Most mornings at home begin with me sharing a cup of piping-hot tea with my mother as she cooks up a storm in the kitchen. It is her safe space, and has seen several conversations and debates about everything under the sun, that are kept going with an endless supply of biscuits or other homemade snacks and sweets.
A second school of sorts, the kitchen was also where I learnt some of the most important lessons of life and one of them was that the action of eating is meant to be more than just an act, but an experience.
Everytime she would cook something special, she would insist upon some patience. While I would want to gobble it all up, she would ask me to pause, and try eating with my senses in the order of sight, smell, touch, sound and taste.
And the first sense, or sight in this regard would hold considerable significance. Because, way before the trend of instagrammable food began, she was a true believer of the power of sight in the action of eating.
And she, as usual, knew best. There are a few special traditional Indian delicacies that blur the lines between food and art, and are truly too beautiful to eat. Here are some of them:
1. Nakshi Pitha
An intricately carved rice cake, this traditional dessert originated in the rural parts of undivided Bengal and mimics floral motifs that are abound in artistic expressions like alpana (rangoli) or embroidered quilts also known as kantha.

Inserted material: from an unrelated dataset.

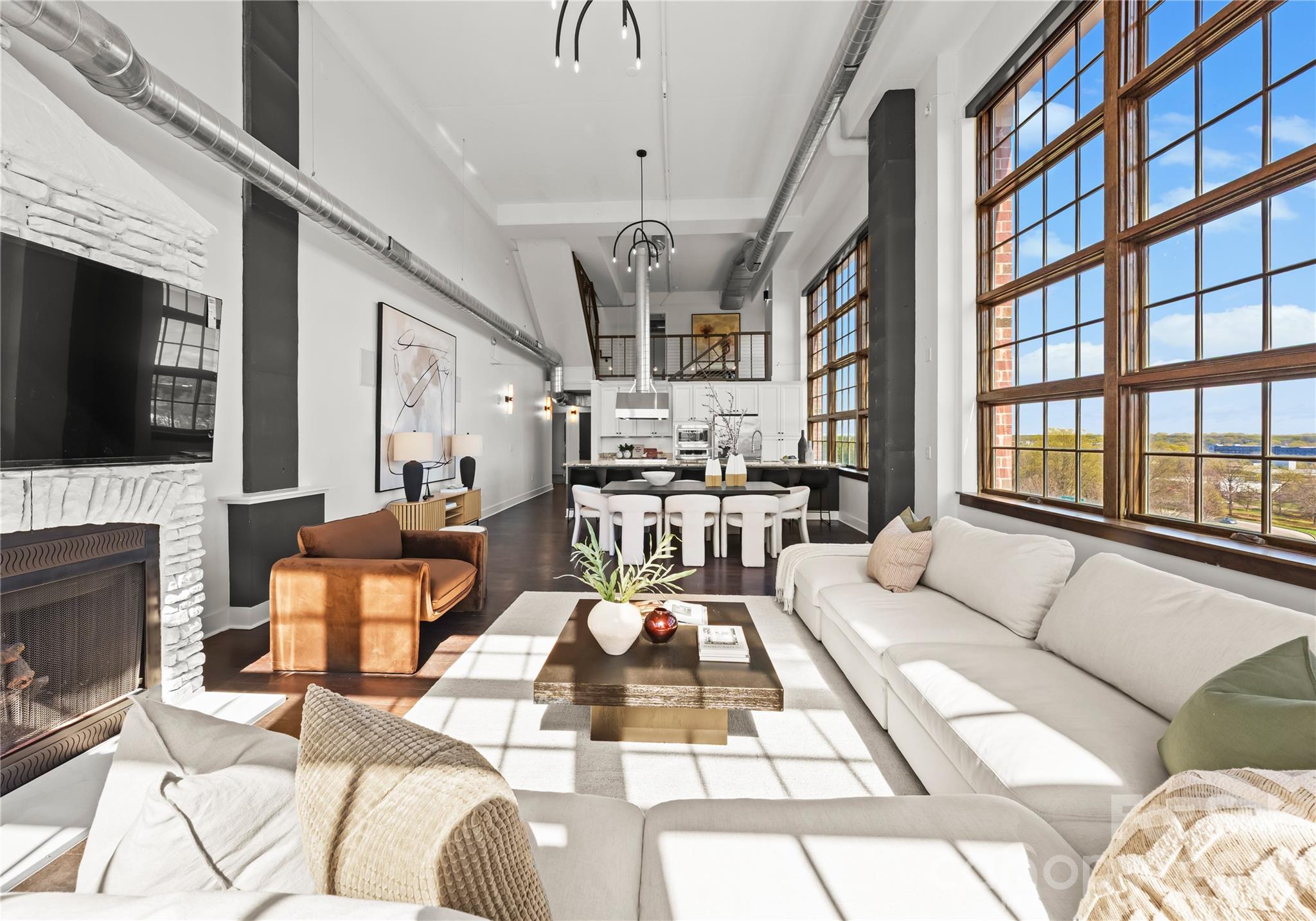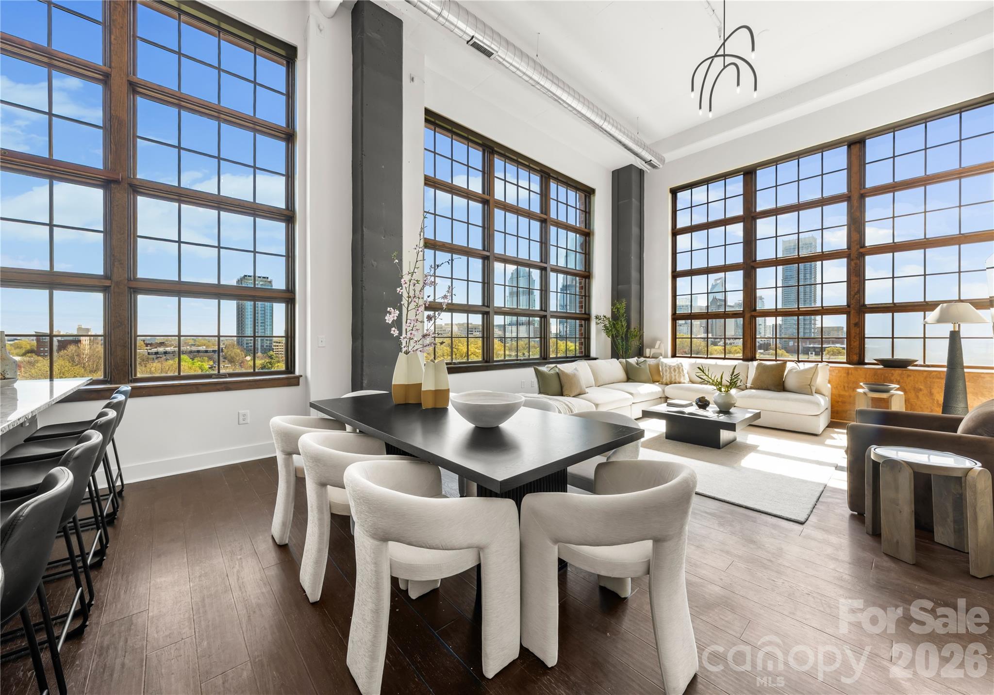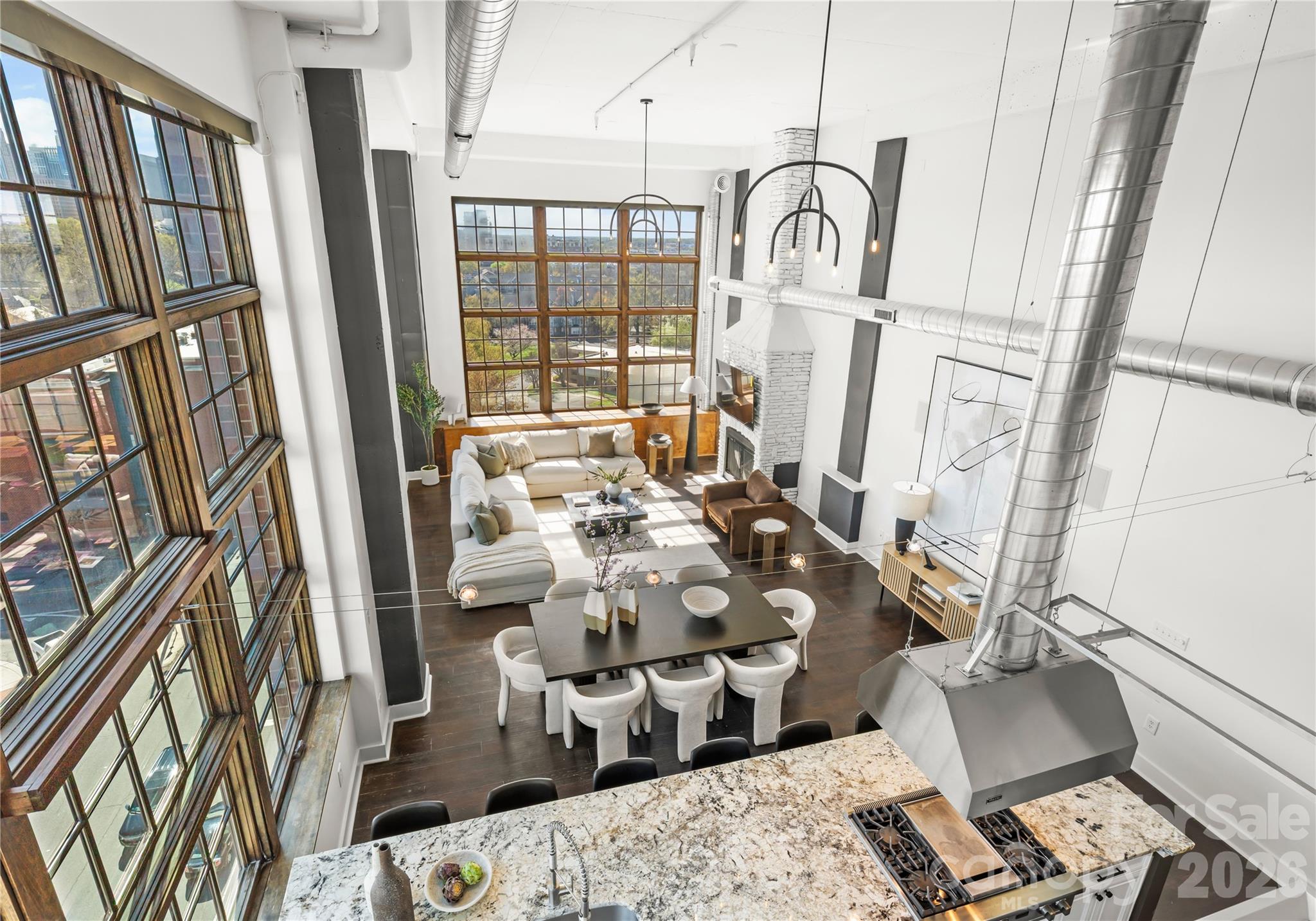 Welcome to The Penthouse at The Garrison at Graham—one of Uptown Charlotte’s most distinctive and architecturally striking residences. Occupying the prime top-floor corner of the building, this remarkable three-story penthouse spans approximately 2,750 square feet of sophisticated loft-style living and is framed by two dramatic walls of 12-foot floor-to-ceiling windows that flood the home with natural light while showcasing breathtaking panoramic views of the Uptown Charlotte skyline. With the touch of a button, motorized shades reveal sweeping city vistas that transform throughout the day—from morning light pouring into the living spaces to dramatic sunset and twilight skyline views. The main living level offers a truly impressive sense of scale with soaring two-story ceilings, expansive window walls, and rich wood flooring that flow throughout the open-concept living and dining areas. A gas fireplace anchors the living space, creating warmth and ambiance while maintaining a sleek modern aesthetic. The layout is thoughtfully designed for both everyday living and elevated entertaining. The chef’s kitchen serves as the heart of the home and features a massive center island with granite countertops, stainless steel appliances including gas range, oven, microwave, beverage refrigerator, dishwasher, and exhaust hood, along with abundant cabinetry and prep space ideal for hosting gatherings. The open floor plan seamlessly connects the kitchen to the living and dining areas, allowing guests to gather comfortably while enjoying the skyline views beyond the windows. The second level features two spacious guest suites or flexible office spaces, each with its own full en-suite bathroom, offering privacy and versatility for guests, work-from-home needs, or additional living space. A private sauna adds a spa-inspired element rarely found in Uptown residences. A mid-level flex space with an additional full bathroom offers even more versatility—perfect as a media lounge, secondary office, fitness room, or guest bedroom depending on your lifestyle needs. The top floor is dedicated entirely to the owner’s retreat, creating a private sanctuary above the city. This level features a generous primary suite, spa-like bathroom, and expansive walk-in closet, offering a quiet escape while still enjoying the dramatic skyline backdrop. The crown jewel of this penthouse is the extraordinary private rooftop terrace—your own “backyard in the sky.” Designed for elevated outdoor living, this expansive terrace includes a covered outdoor living room with gas fireplace, built-in stainless outdoor kitchen, and an artificial turf lounge area that creates a rare and inviting urban outdoor experience. Whether hosting sunset gatherings or enjoying quiet evenings overlooking the skyline, the terrace offers a truly unforgettable setting.Additional highlights include four assigned parking spaces in the secured garage (two primary spaces equipped with vehicle lifts), along with secure building access and gated entry, providing both convenience and peace of mind. The Garrison at Graham is a boutique luxury condominium building located in Uptown Charlotte’s historic Fourth Ward, known for its blend of modern loft-style architecture and neighborhood charm. Residents enjoy access to a shared rooftop social terrace featuring outdoor lounge areas, grilling stations, fireplaces, and sweeping city views, located conveniently on the same floor as the penthouse. Positioned along N Graham Street, the building offers exceptional walkability to Uptown’s vibrant lifestyle—including the NC Music Factory, professional sports venues, cultural attractions, restaurants, and nightlife—placing the very best of Charlotte’s urban energy just moments from your front door.

The name ‘nakshi’ comes from nakshi kantha, a rural artform of embroidering fabric used both for wearables as well as decor.
This delicacy is made from a dough of rice flour that is rolled out and strenuously carved into designs of creepers, flowers and plants, using needles, hairpins, date thorns, twigs etc. One can either deep fry the rice cakes and dip in sugar syrup, or can even let them dry and store for later use.

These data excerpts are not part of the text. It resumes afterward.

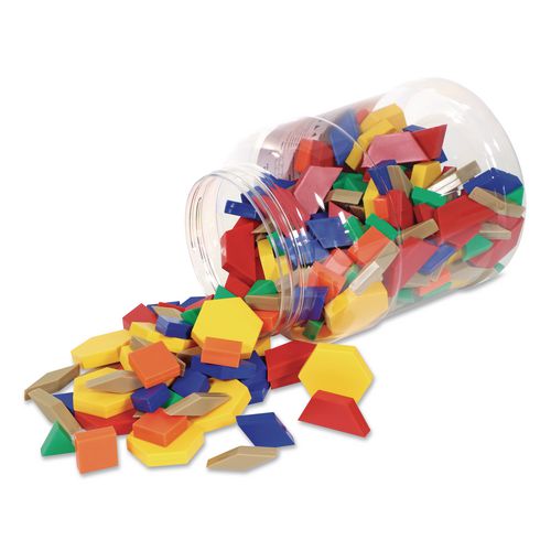 The Learning Resources® Plastic Pattern Blocks provide a hands-on method to teach math concepts. The pieces are sized just right for a child's hands. The set comes with 250 blocks in a combination of six sizes and colors. They store away neatly in t- Teach a range of math concepts with pattern blocks.
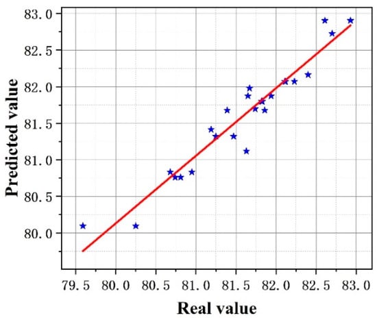 In the variance analysis of the response surface regression model, the p value can be used to judge whether each item has a significant impact on the response variable y. Considering the accuracy and reliability of the response surface regression model variance analysis, a confidence level of 95% was selected to determine the relationship between the design variables and the response variable y. If p > 0.05, it means the impact of this item on y is not significant, and this item should be deleted and recalculated. If p ≤ 0.05, it signifies that the item holds a significant influence on variable y. However, if p ≤ 0.01, it indicates a notably pronounced impact of this item on variable y, underscoring its heightened importance in influencing y.
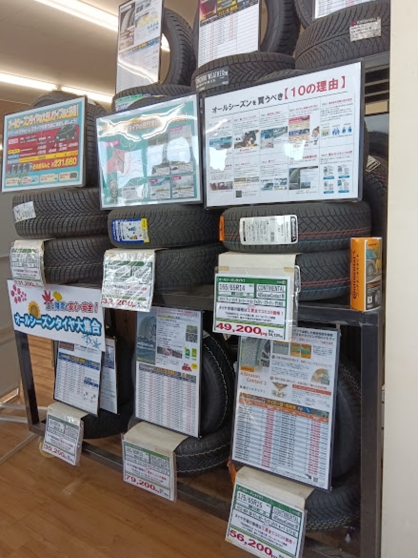 タイヤ市場加須店ではオールシーズンタイヤ、スタッドレスタイヤの販売も行っております。
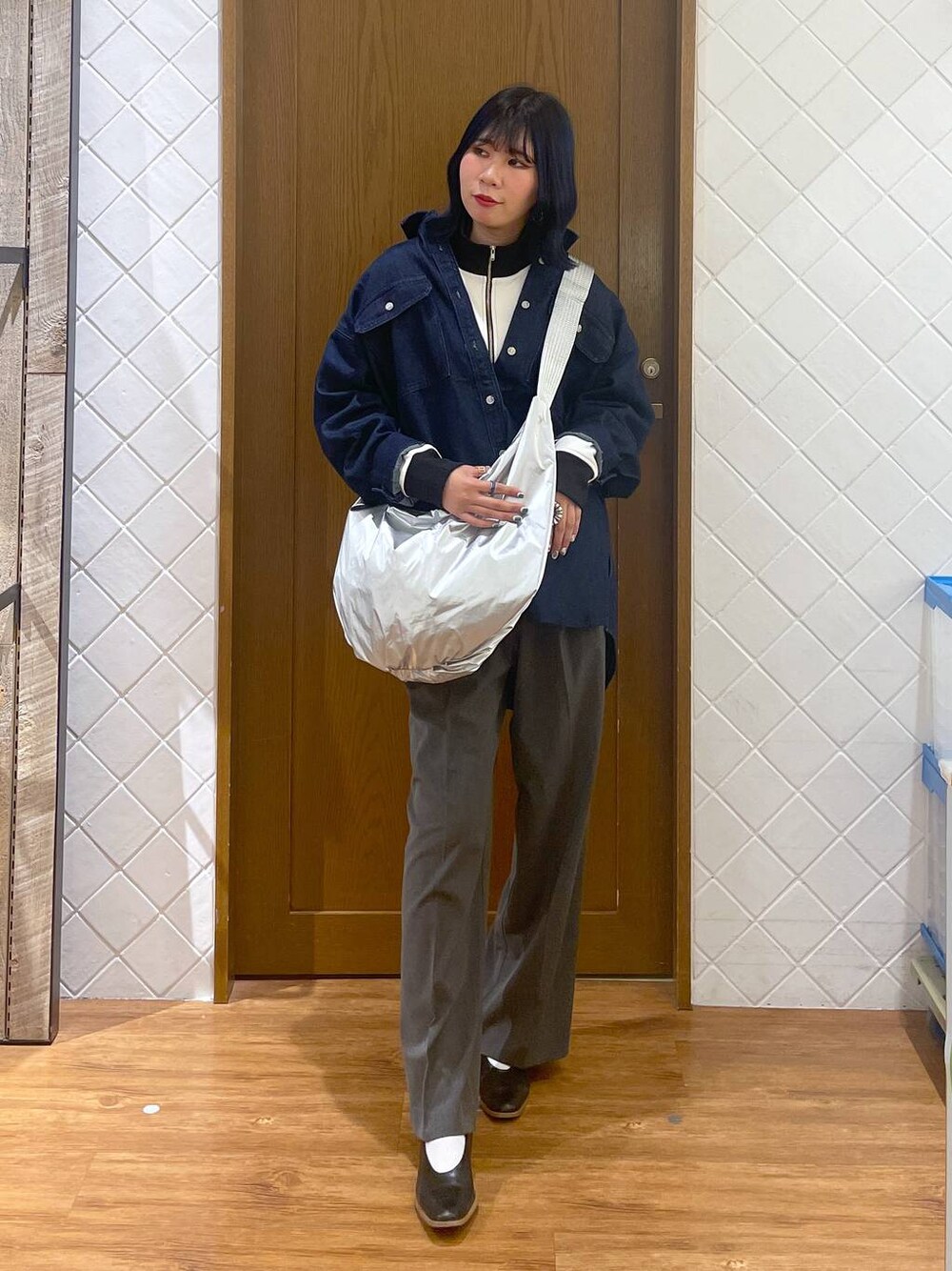 megu46mi(GLOBAL WORK わさだタウン)のショルダーバッグ「軽量シャイニーショルダー/102343」を使ったコーディネート

From weddings, harvest festivals to Bengali New Year celebrations, Nakshi Pitha is a constant culinary reminder of Bengal’s artistic past that was once heavily dominated by women’s folk art.
2. Imarti or Jangiri
Jalebi’s sophisticated cousin, Imarti or Amriti or Jangiri is extremely popular all across India, not just for its sugary brilliance but also the visual appeal.
Made by deep-frying in desi ghee or oil, this sweet is made from a thick liquid batter of black gram flour that is piped into thin circular flower-like motifs through a stitched cloth. Once fried it is then dipped in sugar syrup and left to expand.
In comparison to humble jalebi, imarti not only wins extra points for sweetness, but is also known for its complicated geometric patterns that display its maker’s artistic prowess.
3. Goyna or Gohona Bori
Made of lentil or dal mixed with poppy seeds and spices, this dry dumpling is known for its ornamental shapes that come in a bouquet of variety. The name itself, goyna or gohona means jewels or ornaments in Bengali.
One of the most interesting stories associated with this ornate version of bori, is its connection to the Tagore family. In 1930, a student of Shantiniketan, Seba Maiti presented Rabindranath Tagore gohona bori freshly made by his mother Hirnmayi Debi and grandmother, Sheratakumari Debi.
Taken aback by the artistic brilliance of the edibles, he wrote a letter seeking permission to preserve photographs of these boris at the Art Building of Shantiniketan. In fact, Abanindranath Tagore, his nephew and a prominent artist at the time, felt that Gohona Bori was worthy of being called art, and that baking it or eating it might be an act of destruction!
4. Suryakala and Chandrakala
Although both desserts originate in Bihar, they are now synonymous with Diwali and Holi celebrations across India.
They are made from a flour dough with a stuffing of coconut mixed with dry fruits, khoya, semolina, cardamom and sugar. Much like Nakshi Pitha, the stuffed dumplings are deep fried in oil or ghee until golden and then let to rest and expand in a vessel full of sugar syrup.
After a few minutes of rest, the glazed golden dumplings are separated from the syrup, dried and served as snacks.
5. Kodma Batasa or Panchadara Chilakalu
On the eve of Poila Baishakh (Bengali New Year), one can see the local kirana or grocery stores selling heaps of sugary candies shaped like swans, parrots, hens, horses, temples etc, in pinks, whites and yellows. They called this traditional sugar candy, Kodma Batasa.
A similar image surfaces in South India during Makar Sankranti, when the same is sold but is known by the name Sakkare Acchu or Panchdara Chilakalu. In North India, it is also known as Khilona Batasa.
Whatever the name, these tiny sweet figurines come in various shapes and sizes and are made using wooden moulds. Some keep it simple with a sugar candy mixture, others add more complexity with dried coconut, jaggery and dal, making it a sweet tooth foodie’s dream come true.
Most of these delicacies are on the sweeter side and over the years have become an integral part of festive cuisine in India. Be it for festive gatherings or for decorating wedding gifts, also known as totto or shagun, these artistic foods have continued to hold the threads of culture, art and society, in a truly delicious knot.